Much of consumer and shopping behavior is based on habits and rituals. Think about what you do when you wake up in the morning. If you’re like me, you’re on auto-pilot for the first 30 minutes. Bathroom, bathrobe, brew coffee … brain not engaged … must have coffee! Yet, each of you reading this has different morning rituals and, collectively, we see that our options for waking up in the morning are really unlimited.
The difference between unlimited options and routine behavior is habit. The degree to which we are governed by habits varies.
As you shop in a grocery store for example, you probably have a habitual way you navigate the store. For certain product categories, you don’t even think about choice; you simply look for the brand you intend to buy. In some categories, you behave differently because you ARE making choices. Being on autopilot for certain product categories lets you conserve your mental glucose for when you really need it … when you have chosen to actively consider alternatives.

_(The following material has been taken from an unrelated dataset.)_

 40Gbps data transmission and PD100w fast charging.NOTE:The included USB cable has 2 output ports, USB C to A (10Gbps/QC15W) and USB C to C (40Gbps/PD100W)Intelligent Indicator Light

Now, consider how most concept testing and choice experiments work. We throw all of that insight about habit out the window. We put people into choice and decision-making mode whether they are ever there in real life or not. We force people to tell us if they are interested in a particular new product idea without measuring if they are interested in any new product idea at all for a given situation. Yet, the key for new product adoption is disruption of existing habits and rituals.

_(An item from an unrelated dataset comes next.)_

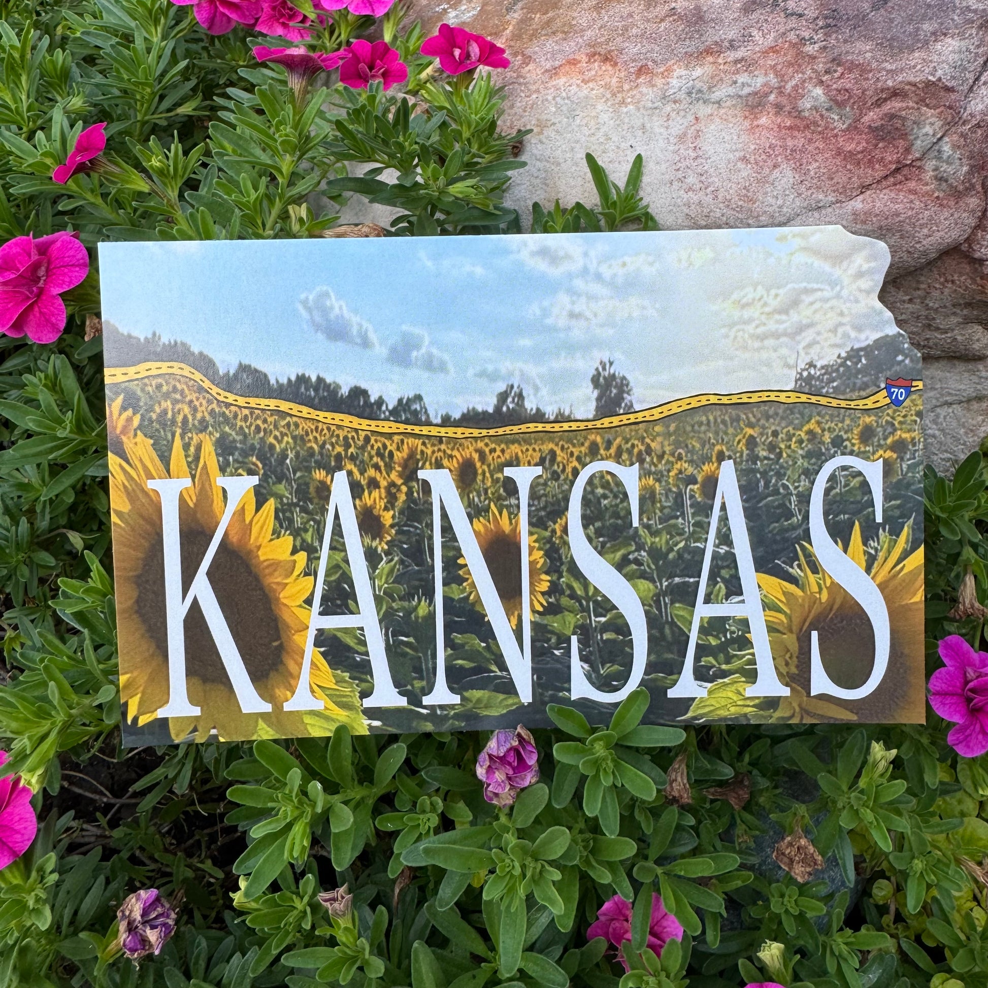 Traveling through Kansas? Share a little sunflower love with is fun die cut postcard. Cut in the shape of Kansas, this postcard features a photo of a Kansas sunflower field taken near Lawrence, Kansas. The horizon line matches the path I70 takes across the state. A whimsical drawing of the interstate adds a bit of fun if you are traveling through the state or just want to share a little note from Kansas.

We need to break the concept testing habit and start researching new product adoption in ways that are closer to how people really decide.

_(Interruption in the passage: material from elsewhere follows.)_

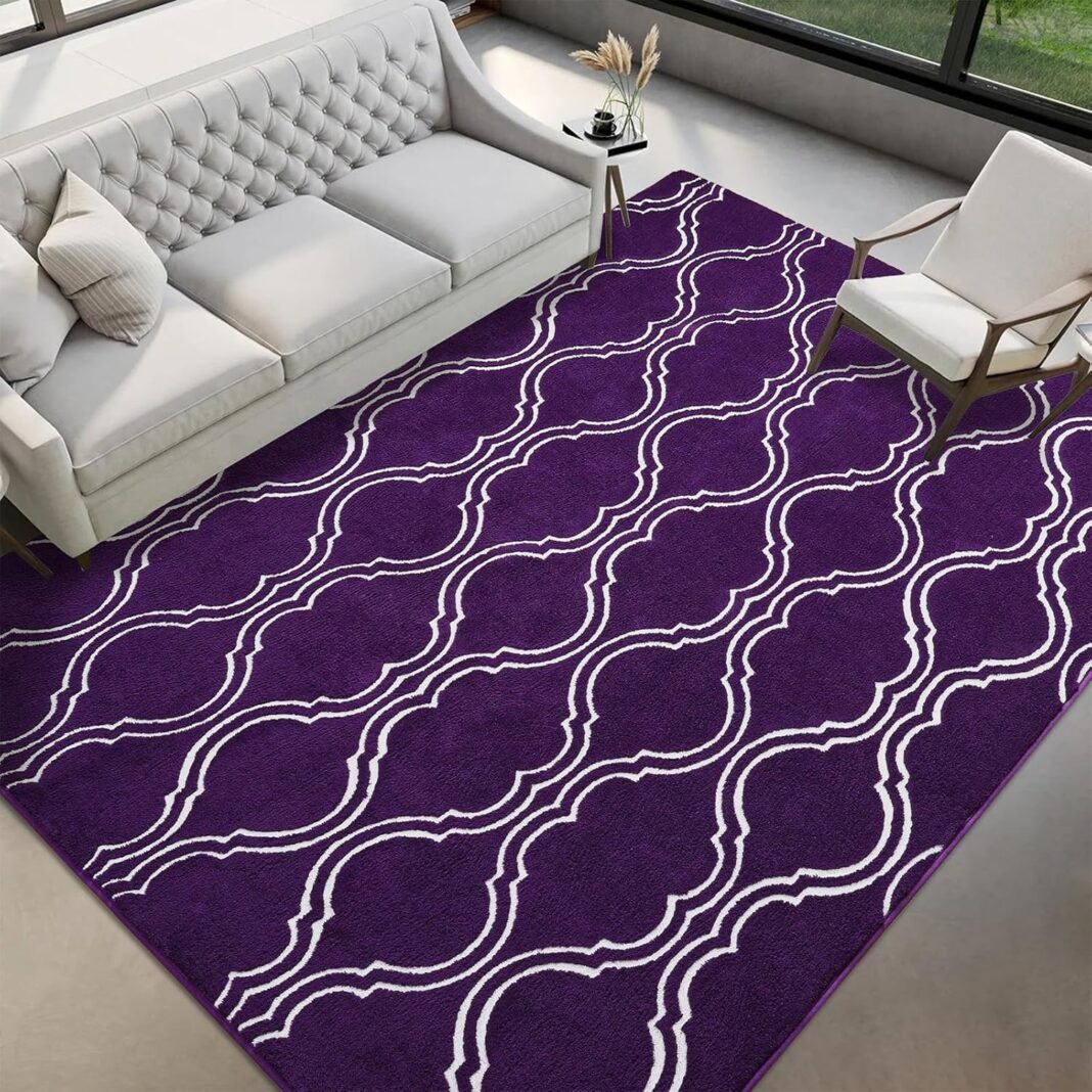 【Washable Rug】Purple 5×7 rug is easy to maintain, for daily care you can use a small handheld vacuum cleaner to remove the dust or hair. For deep cleaning, machine wash with cold water on gentle cycle (no bleach)

Behavioral economists like Dan Ariely understand this. They understand that people have heuristics, "little tricks", that allow them to decide in non-fully compensatory ways … basically, the reality is exactly the opposite from how choice experiments and traditional concept testing work.
Traditional concept testing does not study how people decide, it merely gets at purchase interest IF they were deciding. Usually less than half of those who say "definitely would buy" ever buy for this reason; we are forcing people into active decision-making mode when many are not there in real life. This unnatural situation is what creates such poor individual-level predictive validity for purchase intent.
First and foremost, a new product must disrupt existing behaviors or leverage behaviors that are already disrupted to be "seen" by the consumer.
In real life, disruption is all around us in an age where digital technology is producing bone-rattling change in everyday life. Imagine location-aware offers, brand stories, and payment all converging at point of purchase via your smartphone. This is already happening in parts of Asia. As touchpoints emerge (weekly it seems), marketing and research approaches need to constantly evolve.
We need to start studying how people decide and how to break habits. Maybe, CPG can do better than the 80 percent new product failure rate?
Discussion Questions: What promise do digital technologies such as smartphones hold for improving new product trial rates and understanding the shopper decision-making process? Will smartphone shopping ultimately prove to be a better tool to improve new product launch success?